Он лёг на траву и бесшумно пополз, ловко извиваясь и отбрасывая со своего пути сухой хворост.

— Вёрткая бестия! — с удовольствием проговорил Жук. — Только перед начальством ползать не умеет, за что не раз хлебал всякие неприятности. Ты моего Заморыша уважай — у него две «Славы» есть, и третью на монетном дворе отливают, только навряд ли успеет заработать, к шапочному разбору дело идёт.

— На мой век и двух штук хватит! — весело откликнулся Заморыш. — Может, за власовца чего-нибудь обломится?

— Какого власовца? — спросил я.

— Заморыш приволок часа два назад, — пояснил Жук. — Бродила по лесу одна заблудшая овечка.

— А где он сейчас? — оглядываясь, поинтересовался я.

— Это уже не наше дело, — усмехнулся Жук. — Забавную фотографию у него нашли: стоит рядом с виселицей, улыбается.

— Наверное, уже получил свои девять граммов, — предположил Заморыш. — Знал бы — черта лысого стал бы его в штаб вести…

— Никогда ещё не видел власовцев, — пробормотал я.

— Увидишь, — пообещал Жук. — Здесь, в Чехословакии, их как собак нерезаных.

— А мы уже в Чехословакии? — обрадовался я.

— Совершенно верно, — подтвердил Жук. — Будем, сеньор Арамис, вместе освобождать братьев славян. Так я иду договариваться насчёт тебя. Не передумал?

— Спасибо, Жук, — сердечно поблагодарил я. — Только перед ребятами не очень удобно, словно дезертирую от них.

— Ты что-то путаешь, сеньор, — Жук иронически прищурился. — Я тебя беру не дегустатором на кухню, а в разведку, откуда и не такие орлы, прошу прощения, с мокрыми подштанниками возвращаются.

— Извини, не то хотел сказать…

— То-то. А Жука забудь, незачем перед ребятами старое ворошить. И ты, Заморыш, ничего не слышал, а что слышал, то в одно ухо вошло, из другого вышло. Сеньору Арамису… к бабушке Арамиса! — моему старому корешу Мишке подгони одёжку, подбери велосипед и познакомь с разведкой. В обиду не давать — понял?

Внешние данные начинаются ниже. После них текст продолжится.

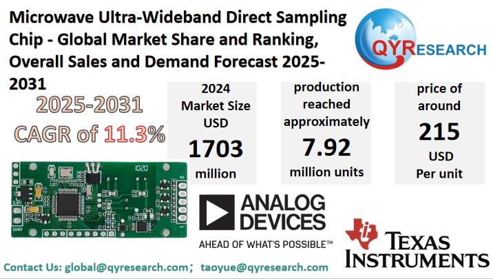 The global market for Microwave Ultra-Wideband Direct Sampling Chip was estimated to be worth US$ 1703 million in 2024 and is forecast to a readjusted size of US$ 3602 million by 2031 with a CAGR of 11.3% during the forecast period 2025-2031.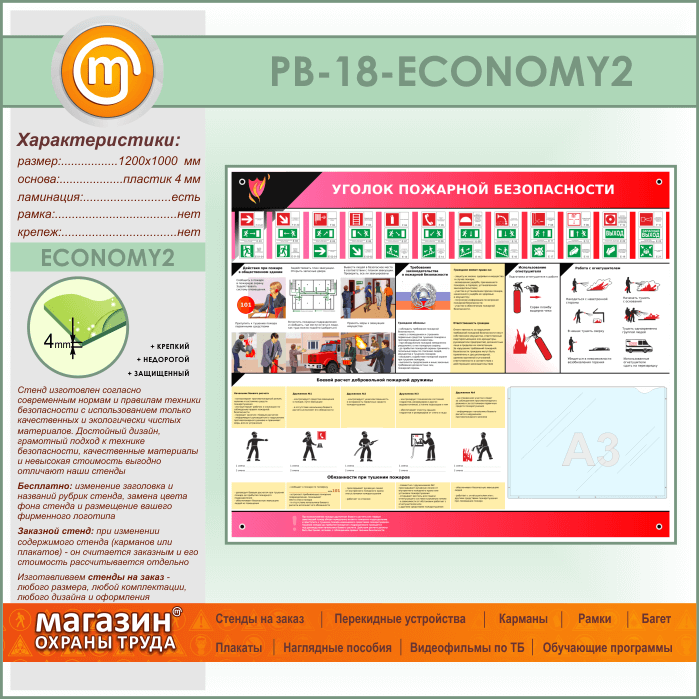 Стенд «Уголок пожарной безопасности» с карманом А3 формата (PB-18-ECONOMY2) в Иркутске купить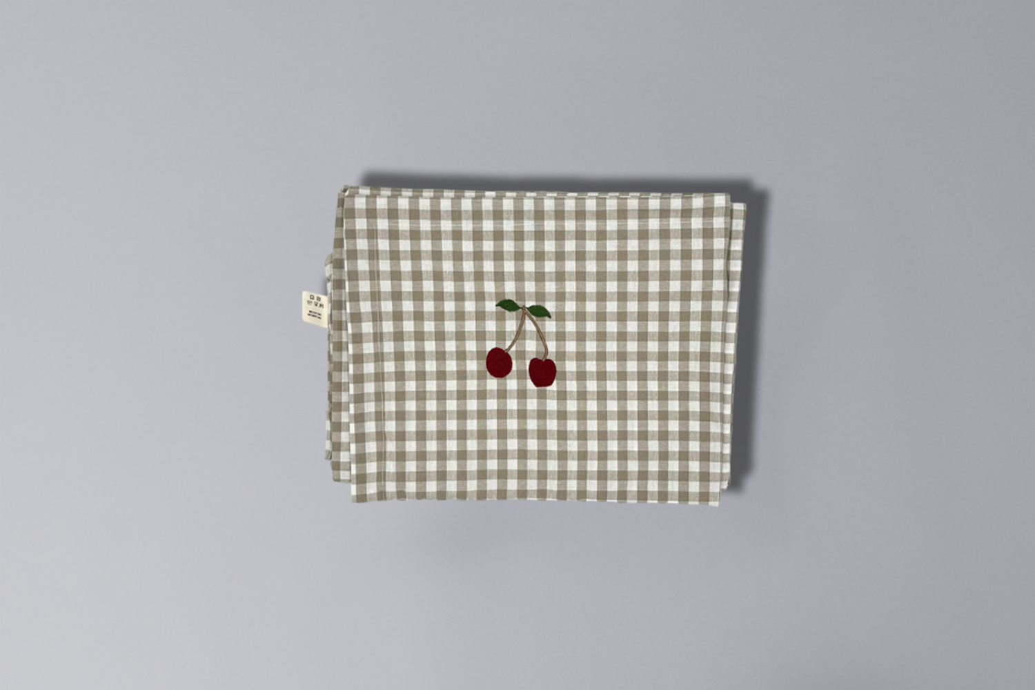 Our charming chequered cotton bedding set for children, featuring a delicate cherry embroidery is made of the highest quality cotton.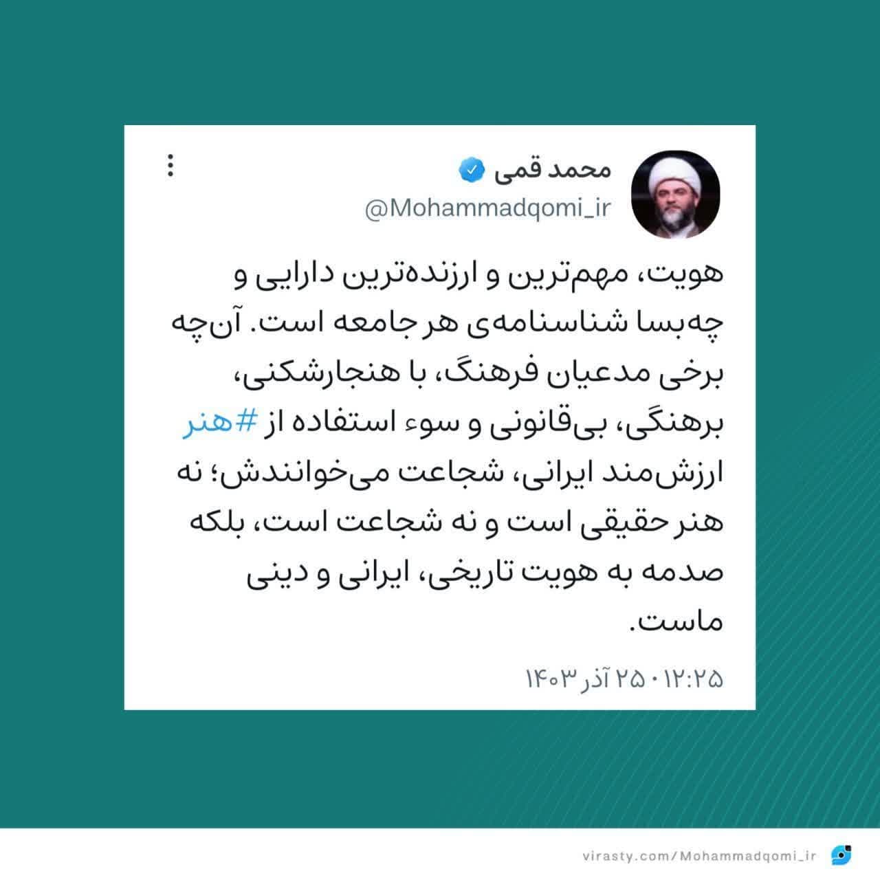 ۲۵ آذر | حجتالاسلام قمی در صفحه شخصی خود نوشت؛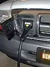 NEMA 5 3-polig NEMA 5-15R receptacle, and NEMA 5-20R receptacle, accepting NEMA 5-15P plugs, 110–127 V AC, 15 A. Commonly used in the Americas and Asia. The user must generally provide a portable "Level 1" trickle charger and connect it between the socket and the vehicle. | |||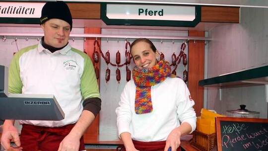 Stolz sein kann er auch auf seinen Nachfolger: Enrico Pauciullo, Pferde- und Wildmetzger auch er. Nur noch selten steht er selbst in seinem Wagen am östlichen Ende des Bauernmarkts.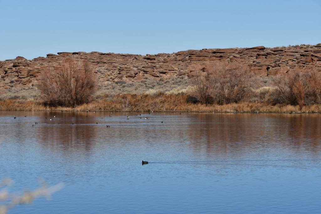 At the end of the road is space to park, and a trail to a lake, and park benches and information signs and I had NO IDEA this was out here. The info page in the hotel did not mention a lake. I saw birds everywhere and I can’t resist them, so I parked and hopped out. There are two information boards. One explains that this is reclaimed waste water and the city has chosen to route their treated grey water into this pond and let it filter through desert soils as the final step in cleaning. This way, birds from a wide area have a safe and watery place to live or visit. The next information sign listed the most common birds visitors will see. It did not identify the two main birds I saw, however, so I had to look them up.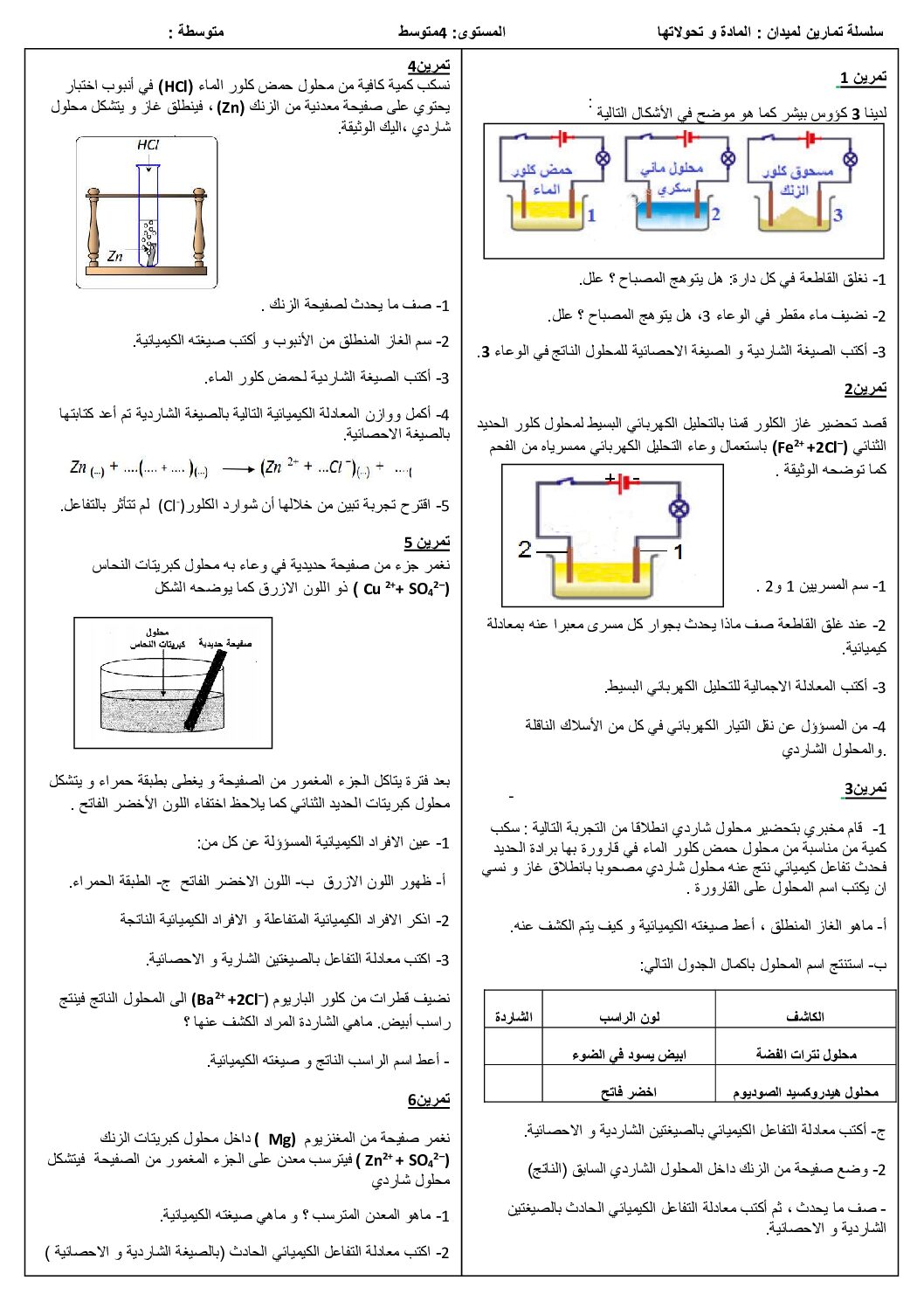 العلوم الفيزيائية السنة الرابعة متوسط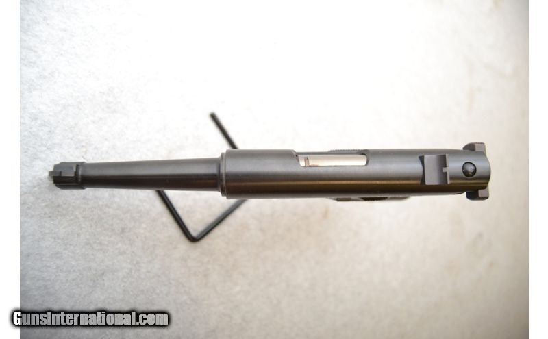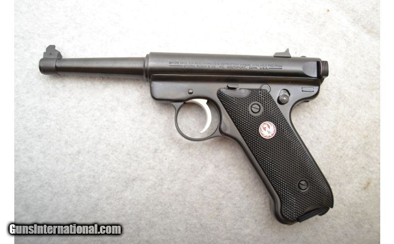 Description: Very good shape overall. Metal has a few tiny handling marks but is excellent overall. Bore is excellent with good rifling and bright shine. .22 Long Rifle SOLD Chambers: Semi-automatic fed from detachable magazines. Metal Condition: Very good. Wood Condition: Grips are in excellent condition. Bore Condition: Excellent. Barrels: 4¾" Blued standard profile. Triggers: Wide nickel plated with grooved surface. Butt Pad: Black plastic grip panels. Weight: 2.2 lbs. Sights: Fixed front blade and rear notch. Chokes: N/A Item Location: Green Bay |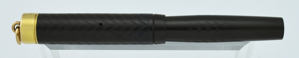 Condition Excellent condition. No real scratching and little wear on the pen. There's just some microscratching on the trim and a tiny bit of wear on the ring top. The hard rubber is a bit discolored to a lighter color except for where the cap covers, and one band on the lower cap where there was probably an original sticker protecting it from the sun for a long time. No cracks or chips. The imprints are clear and readable.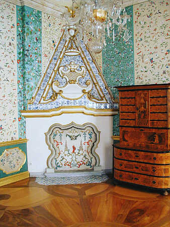 Appartement des Erbprinzen Kamin mit chinesisch verzierter Abdeckung und Aufbau aus blau-weißen Fayence-Kacheln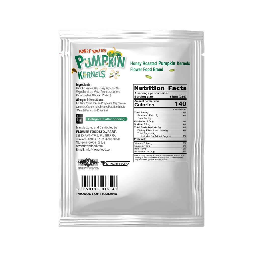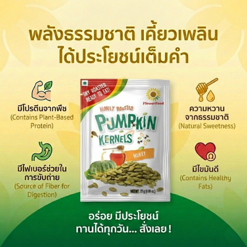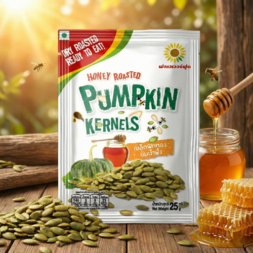 เมล็ดฟักทองอบน้ำผึ้ง 25กรัม (5 ซอง/แพ็ค) Roasted Pumpkin Kernels with Honey 25 g. (5 pieces/pack)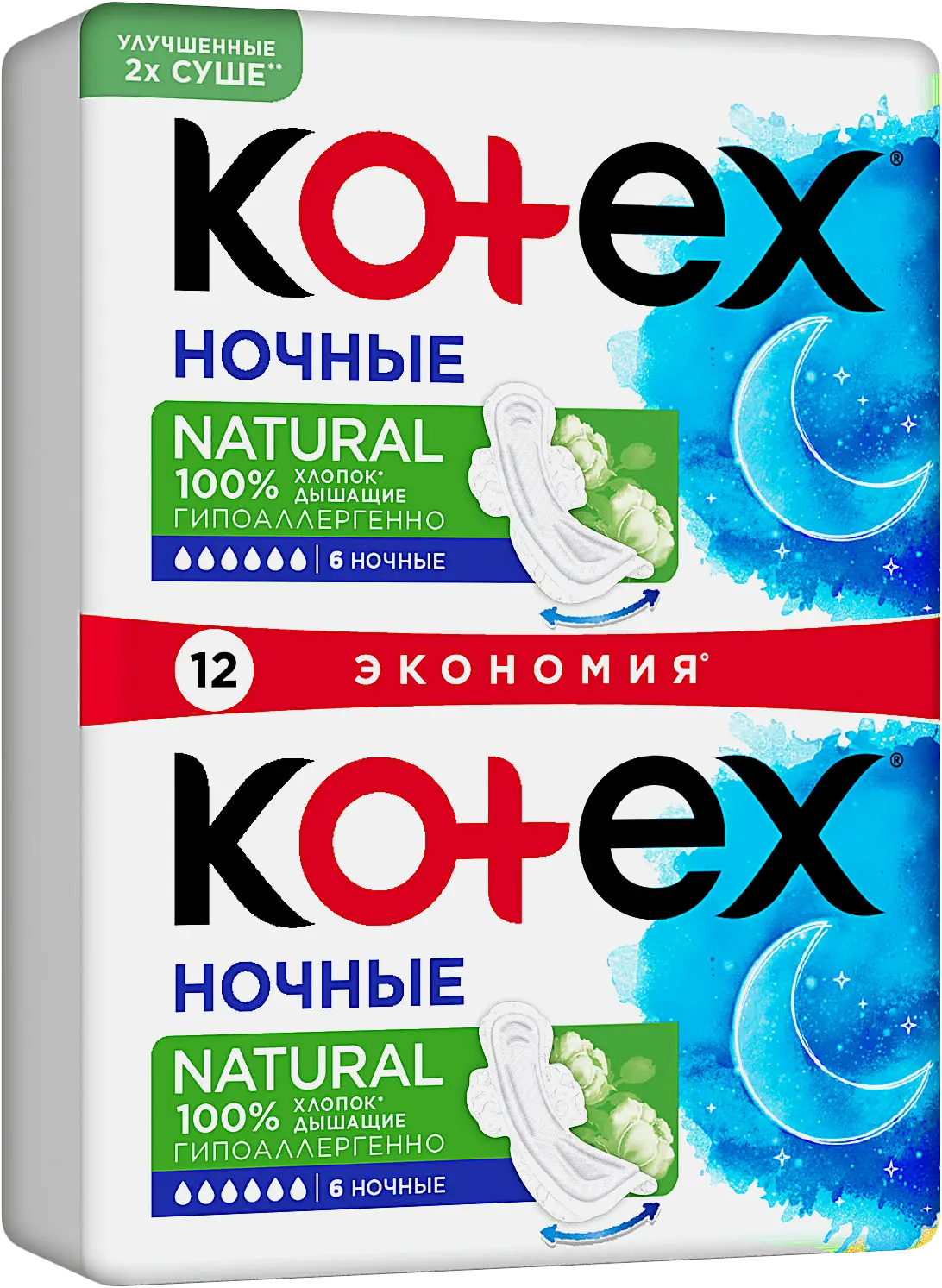Ночные прокладки с верхним слоем из 100% хлопка обеспечивают комфорт и защиту до 100% в течение всей ночи. Уникальный 3D-центр быстро впитывает, мягкие крылышки надёжно фиксируют прокладку, не раздражая кожу. Гипоаллергенные, без пластика и красителей.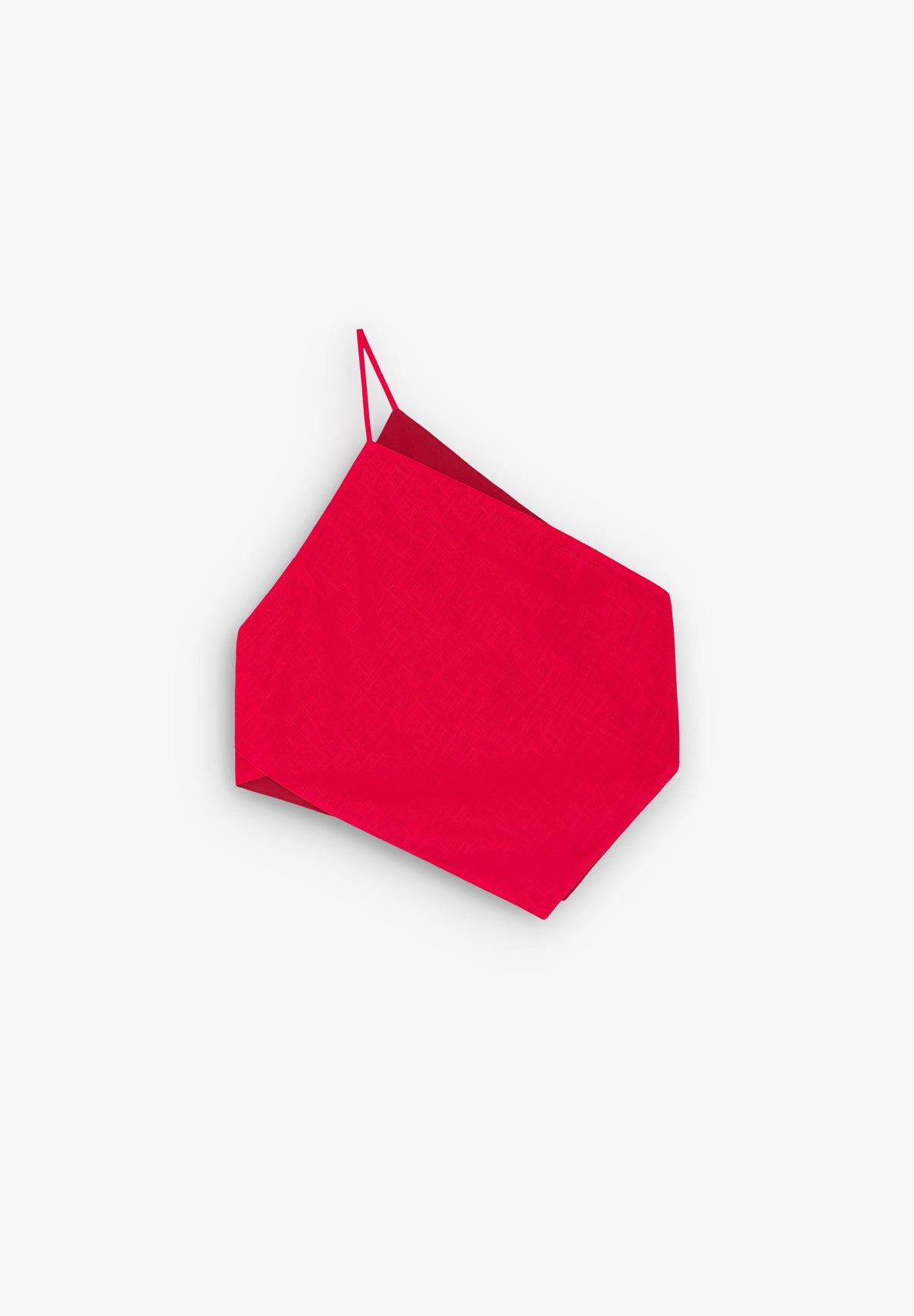Top asimétrico Ramsos confeccionado en 100% lino, con una silueta trapezoidal y un solo tirante.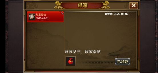 活动期间登录游戏,即可获得【红星礼包】一份,内含【元宝 *281,攻击果 *1,防御果 *1,爆击果 *1,士气果 *1,精神果 *1,金钱 *666】,助各位主公扬士气展英豪。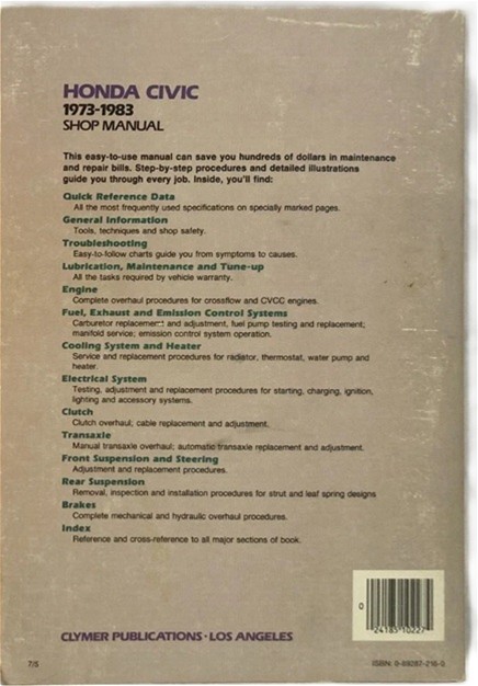 Honda Civic: 1973-1983 Standard and Cvcc Shop Manual

— Так точно! — вытянулся Заморыш, дурашливо моргая глазами.

— Спасибо…Петя, — с чувством вымолвил я. — Выходит, я снова у тебя в долгу. Жук усмехнулся.

— Тебе же сказано — забудь, а то я не всегда такой добрый бываю… Заморыш, поднимай на ноги этих сонных бездельников, прикажи готовиться. Учти — оформляю тебя помощником.

И, подмигнув на прощанье, пошёл к штабной палатке.

ВОЙНА ЗАКОНЧИЛАСЬ — ВОЙНА ПРОДОЛЖАЕТСЯ

На события последующей недели наложило отпечаток одно необычайное обстоятельство.

На огромном, протяжением в тысячи километров, фронте замолчали пушки; миллионы солдат уже написали домой: «теперь уже точно вернусь живой — ждите!»; писаря в штабах рвали, топтали ненавистные похоронные бланки, которые, как бы ни очерствело сердце на войне, было так тяжело заполнять.

А для нас война продолжалась.

Окружённые в Чехословакии немцы и власовцы рвались на запад, к американцам — видимо, надеялись, что могут им пригодиться.